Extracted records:
>>>>>

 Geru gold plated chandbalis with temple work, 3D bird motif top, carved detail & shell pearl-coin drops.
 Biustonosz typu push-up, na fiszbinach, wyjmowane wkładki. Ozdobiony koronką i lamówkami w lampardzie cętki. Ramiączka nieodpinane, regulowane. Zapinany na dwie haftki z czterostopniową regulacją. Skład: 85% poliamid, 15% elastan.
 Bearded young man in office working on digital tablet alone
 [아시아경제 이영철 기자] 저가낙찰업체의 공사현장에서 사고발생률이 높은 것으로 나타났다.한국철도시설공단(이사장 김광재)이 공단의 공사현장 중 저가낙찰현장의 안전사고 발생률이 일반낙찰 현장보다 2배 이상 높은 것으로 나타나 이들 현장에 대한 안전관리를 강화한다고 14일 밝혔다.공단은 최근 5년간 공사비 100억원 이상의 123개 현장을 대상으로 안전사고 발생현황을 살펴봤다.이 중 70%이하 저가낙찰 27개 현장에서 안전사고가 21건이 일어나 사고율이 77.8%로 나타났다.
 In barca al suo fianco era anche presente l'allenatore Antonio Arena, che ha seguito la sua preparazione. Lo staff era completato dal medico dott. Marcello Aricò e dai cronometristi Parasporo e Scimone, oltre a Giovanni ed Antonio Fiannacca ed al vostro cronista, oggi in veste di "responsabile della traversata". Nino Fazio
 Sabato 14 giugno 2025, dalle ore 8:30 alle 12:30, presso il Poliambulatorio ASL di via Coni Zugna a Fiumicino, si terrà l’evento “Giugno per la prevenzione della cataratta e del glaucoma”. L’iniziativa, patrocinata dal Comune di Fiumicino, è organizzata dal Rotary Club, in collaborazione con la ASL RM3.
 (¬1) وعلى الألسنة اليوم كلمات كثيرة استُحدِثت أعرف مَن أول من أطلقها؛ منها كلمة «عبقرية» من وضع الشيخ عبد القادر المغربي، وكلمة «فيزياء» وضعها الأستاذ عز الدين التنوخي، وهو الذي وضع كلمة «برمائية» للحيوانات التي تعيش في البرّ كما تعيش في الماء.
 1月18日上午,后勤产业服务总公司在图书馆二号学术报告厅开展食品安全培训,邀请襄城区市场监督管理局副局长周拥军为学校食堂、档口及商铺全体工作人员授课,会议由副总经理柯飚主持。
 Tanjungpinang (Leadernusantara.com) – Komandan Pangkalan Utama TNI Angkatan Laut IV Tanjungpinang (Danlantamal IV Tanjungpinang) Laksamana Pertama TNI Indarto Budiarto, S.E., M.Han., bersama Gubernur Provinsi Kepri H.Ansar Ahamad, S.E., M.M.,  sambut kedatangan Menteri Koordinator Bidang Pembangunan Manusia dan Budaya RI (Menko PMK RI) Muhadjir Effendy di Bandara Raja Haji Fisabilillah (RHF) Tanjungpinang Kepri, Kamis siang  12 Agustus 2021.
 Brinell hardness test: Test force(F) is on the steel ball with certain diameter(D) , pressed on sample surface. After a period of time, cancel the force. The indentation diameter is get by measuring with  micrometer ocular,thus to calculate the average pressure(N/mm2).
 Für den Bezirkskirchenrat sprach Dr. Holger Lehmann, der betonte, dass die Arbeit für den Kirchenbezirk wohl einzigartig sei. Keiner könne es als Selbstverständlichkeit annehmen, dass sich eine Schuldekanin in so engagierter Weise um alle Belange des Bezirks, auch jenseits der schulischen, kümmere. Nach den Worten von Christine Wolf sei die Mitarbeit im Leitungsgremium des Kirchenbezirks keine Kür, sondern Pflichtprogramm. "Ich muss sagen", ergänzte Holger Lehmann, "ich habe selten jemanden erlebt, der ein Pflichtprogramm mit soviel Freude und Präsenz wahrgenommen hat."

<<<<<

Go through the records line by line, and copy each line that holds the string "with".

→ **Result of the exercise**:
 Geru gold plated chandbalis with temple work, 3D bird motif top, carved detail & shell pearl-coin drops.
 Brinell hardness test: Test force(F) is on the steel ball with certain diameter(D) , pressed on sample surface. After a period of time, cancel the force. The indentation diameter is get by measuring with  micrometer ocular,thus to calculate the average pressure(N/mm2).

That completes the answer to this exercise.